Halkların Demokratik Partisi (HDP) 3. Olağan Büyük Kongresi sonrası ilk grup toplantısı yapıldı. Birçok il eşbaşkanının yanı sıra Parti Meclisi üyelerinin katıldığı toplantıda yeni seçilen Eş Genel Başkan Pervin Buldan konuştu. İlk olarak 21 Şubat Dünya Anadil Günü'ne ilişkin değerlendirmelerde bulunan Pervin, "Bir insanın anadili kendi topraklarında doğduğu, annesinin ak sütü gibi kendisine hak olduğu bir dildir. Bu diller üzerinde hala yasakların devam etmesini kabul etmiyoruz. Anadil üzerindeki tüm baskıların kaldırılması gerektiğini belirtiyoruz. Anadil onurumuzdur. Tüm baskılara rağmen anadil gününü kutluyorum" diye belirtti.

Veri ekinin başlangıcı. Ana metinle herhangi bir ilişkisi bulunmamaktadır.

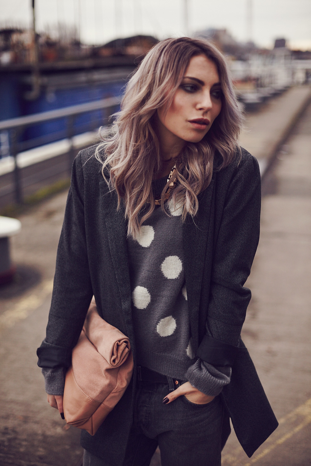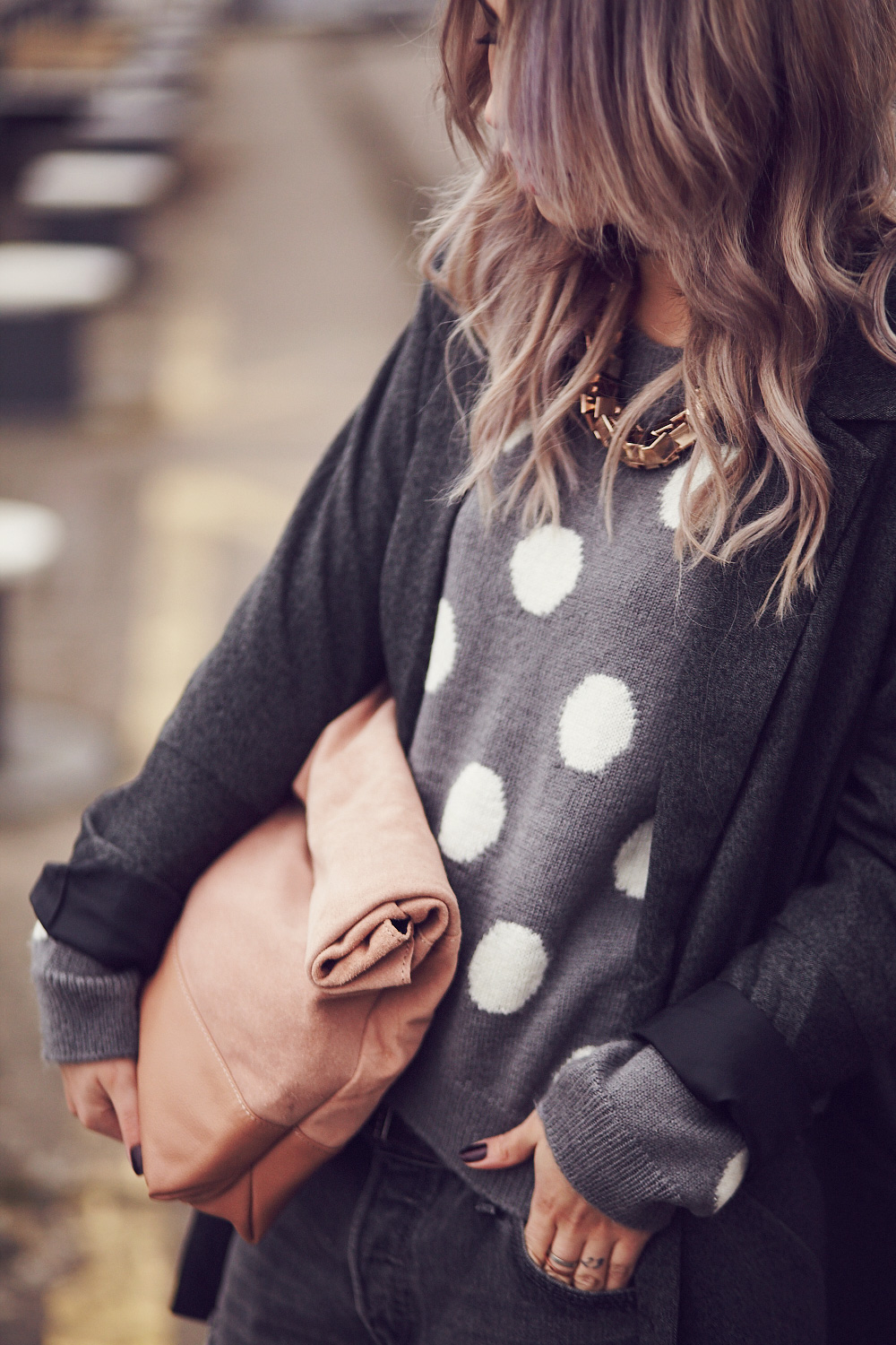 Seit ich die gräulichen Haare habe, mausert sich Grau immer mehr zu meiner Lieblingsfarbe, quasi fast noch vor Schwarz – aber nur fast! Trotzdem ist der Außenseiter Grau grade jedenfalls ganz vorn dabei, was meine aktuellen Lieblingsteile und deren Farbe betrifft, denn Grau hat halt den Vorteil, dass es die Nicht-Farbe (für mich ist es aber ganz klar eine Farbe!) auch in unterschiedlichen Tönen und Schattierungen gibt: hellgrau, mittelgrau, dunkelgrau… dann noch grau, das eher ins bläuliche geht und grau, das eher ins Nude geht. Grautöne eben. Und so passiert es in letzter Zeit immer öfter, dass ich Grau mit Grau mixe, unterschiedliche Töne und Muster, die dennoch miteinander harmonieren. Um das Ganze noch spannender zu gestalten, mixe ich zusätzlich weibliche Elemente wie die Ankle Boots und den Punkte-Pullover mit maskulinen Elementen, wie der Boyfriend Jeans und dem oversized Blazer. Um den Look abzurunden, kombiniere ich dazu eine nude Clutch, die an eine Lunchtüte erinnert und eine Statementkette in Kupfergold. Ich will’s ja nicht zu bunt treiben :D   Since my hair has a grayish color, gray become my favorite color. Anyway most of my favorite pieces are gray, because gray has the advantage, that the non-color is also available in different colors and shades: Light gray, medium gray dark gray … then gray, that is more bluish and gray that is more nude. It’s never just gray. And so it happens more and more often lately that I’m mixing gray with gray, different tones and patterns that harmonize all together. In this outfit I combine not only gray colors, but additionally I mix feminine elements such as the ankle boots and the sweater with masculine elements,such as the boyfriend jeans and oversized blazer. To complete the look, I wear a nude clutch that looks like a lunch bag and a statement necklace in copper gold.

'Tek güç Türkiye halklarıdır'
Pervin devamında eş genel başkan seçildiği ve yaklaşık 40 bin kişinin katıldığı kongrenin Türkiye'nin tarihi açısında önemine işaret etti. Pervin, "Çünkü her türlü zorbalığın ve faşizmin gittikçe arttığı bir dönemde bu kadar büyük bir salonu doldurmak her babayiğidin haddi değildir. Bunu yapacak tek güç Türkiye halklarıdır ve bu da bir kez daha gerçekleşmiştir. HDP üzerindeki zulüm devam ettiği bir zamanda, demokratik siyaset kanalarının tıkatıldığı, siyasilerin rehin alındığı bir süreçte böyle bir kongre yapmak bizlere nasip oldu. Hangi parti olursa olsun, bir milletvekili tutuklu olsa bile o partinin kapısına kilit vurulur. Ancak biz 9 milletvekilimiz, belediye eşbaşkanlarımız, parti yöneticilerimiz, il ve ilçe eşbaşkanlarımızın tutuklu olduğu bir dönemde böylesi görkemli bir kongre gerçekleştirmenin gururunu yaşıyoruz. Halkımız bir kez daha 'tüm baskılara rağmen 10 binlerle kongreye gelmesini biliriz' demiştir" diye konuştu.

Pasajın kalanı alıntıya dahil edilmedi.